YOUR INSTRUCTIONS: In the listing that follows, give every line again exactly and omit the pictures.

DATASET EXTRACT:
-------

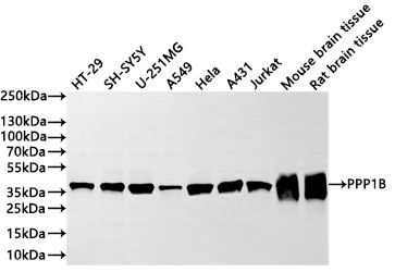 Positive WB detected in: HT-29 whole cell lysate(30μg),SH-SY5Y whole cell lysate(30μg),U-251MG whole cell lysate(30μg),A549 whole cell lysate(30μg),Hela whole cell lysate(30μg),A431 whole cell lysate(30μg),Jurkat whole cell lysate(30μg), Mouse brain tissue lysate(30μg), Rat brain tissue lysate(30μg)
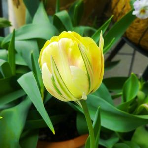 2024.3.12 黄小町チューリップちゃんが開花しました。 新鮮な黄色🟡カラー元気もらいます✨ 何ヶ月か前に育てたメリープリンス(ピンク)よりも背丈が低く、カワイイです。
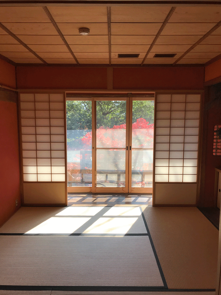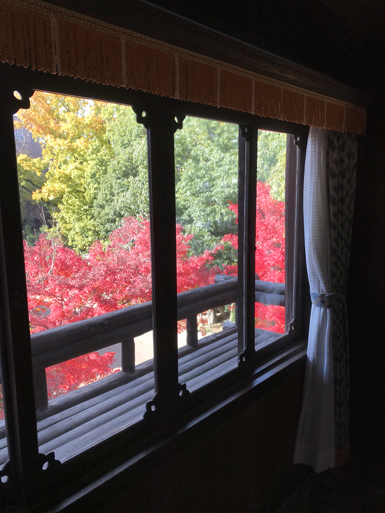 聴松閣2階の階段ホールからの眺め。べんがら色の外壁と紅葉が調和し趣のある風情です。

-------

ANSWER FOR THIS EXERCISE:
 Positive WB detected in: HT-29 whole cell lysate(30μg),SH-SY5Y whole cell lysate(30μg),U-251MG whole cell lysate(30μg),A549 whole cell lysate(30μg),Hela whole cell lysate(30μg),A431 whole cell lysate(30μg),Jurkat whole cell lysate(30μg), Mouse brain tissue lysate(30μg), Rat brain tissue lysate(30μg)
 2024.3.12 黄小町チューリップちゃんが開花しました。 新鮮な黄色🟡カラー元気もらいます✨ 何ヶ月か前に育てたメリープリンス(ピンク)よりも背丈が低く、カワイイです。
 聴松閣2階の階段ホールからの眺め。べんがら色の外壁と紅葉が調和し趣のある風情です。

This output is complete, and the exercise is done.